| Exercise aim |
In this exercise, retype exactly and only the lines from the top of the entries below through the line that holds "3 1/2 Cushion", omitting pictures.

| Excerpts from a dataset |
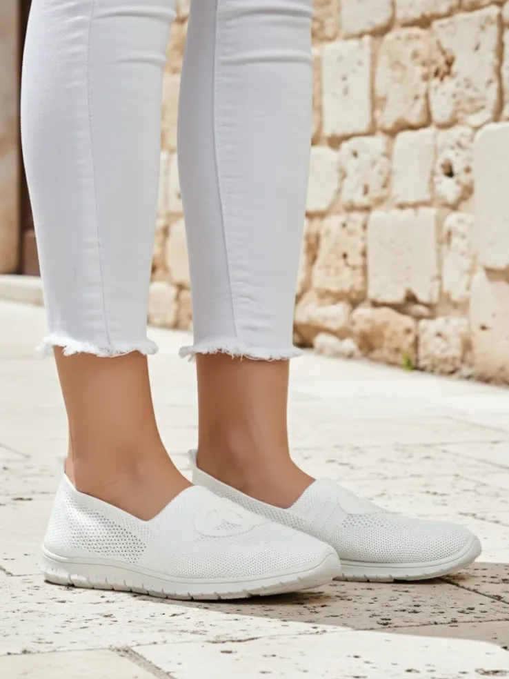 - Sportowe damskie mokasyny na płaskiej podeszwie. Klasyczny model wykonany z tkaniny. Idealna baza na co dzień!
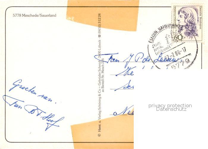 73213997 alte Postkarte Meschede Stadtplatz Kirche Friedenskirche Winzinger Platz Schloss Laer postalisch gelaufen Erhaltung siehe scans [WerneD78] KatCode: 11110005958004
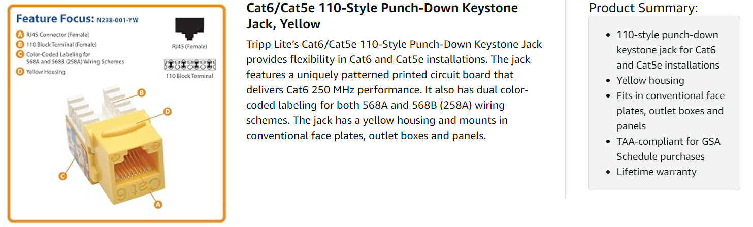 This keystone jack is fully compliant with EIA/TIA Cat6 connecting hardware specifications. It also meets UL-certified requirements for the ANSI/TIA/EIA-568-B.2-1 Permanent Link/Channel Identification Test for Category 6 cabling installations.
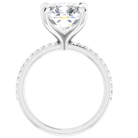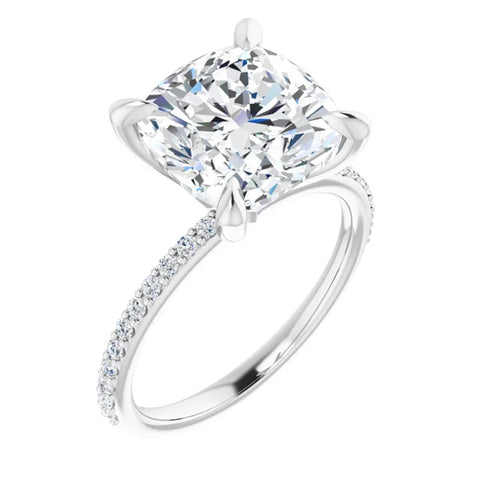 3 1/2 Cushion Moissanite and Diamond Engagement Ring 14k White Gold
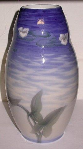Vase in porcelain from B&G 1915-1947. Decorated with waterlilies and the silent water. Signed IHL. Factory first. 23 cm high.
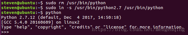 切换成python2.7.12,请执行下面的命令(任意目录下)
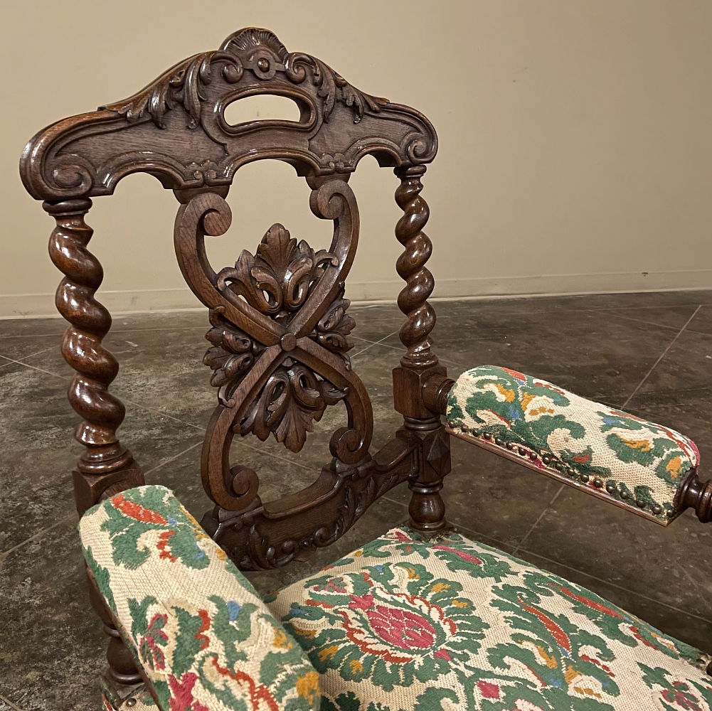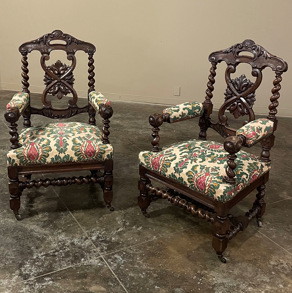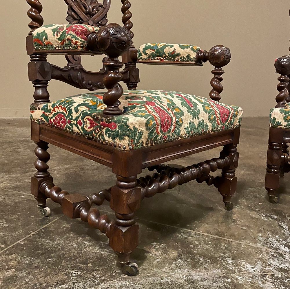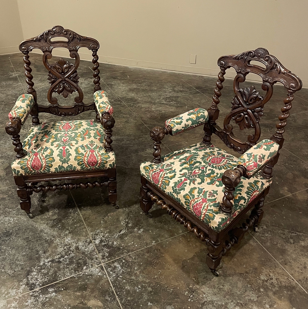 19th Century Renaissance Revival / Louis XIII Style Barley Twist Armchairs in Solid Oak
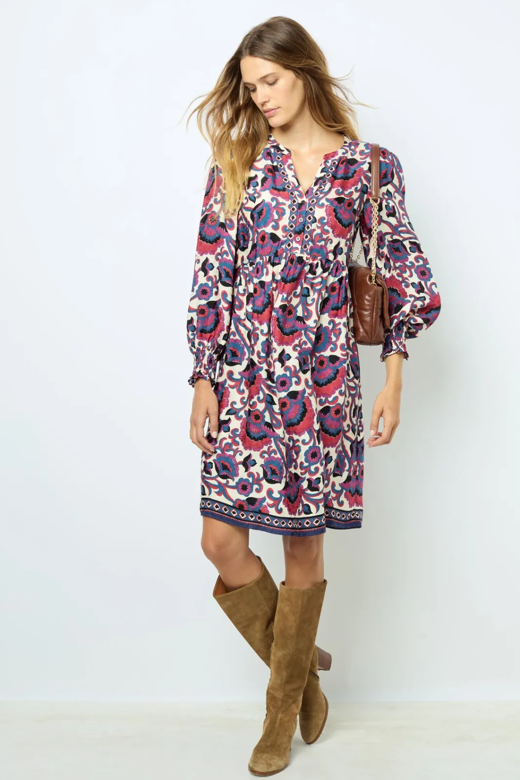 Midi dress in printed jacquard. Flowing with a soft feel.
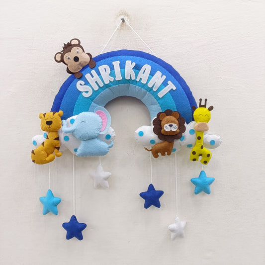 Rainbow with Animals | Flat Name | Personalised Felt Kids Hanging

| Answer below |
 - Sportowe damskie mokasyny na płaskiej podeszwie. Klasyczny model wykonany z tkaniny. Idealna baza na co dzień!
 73213997 alte Postkarte Meschede Stadtplatz Kirche Friedenskirche Winzinger Platz Schloss Laer postalisch gelaufen Erhaltung siehe scans [WerneD78] KatCode: 11110005958004
 This keystone jack is fully compliant with EIA/TIA Cat6 connecting hardware specifications. It also meets UL-certified requirements for the ANSI/TIA/EIA-568-B.2-1 Permanent Link/Channel Identification Test for Category 6 cabling installations.
 3 1/2 Cushion Moissanite and Diamond Engagement Ring 14k White Gold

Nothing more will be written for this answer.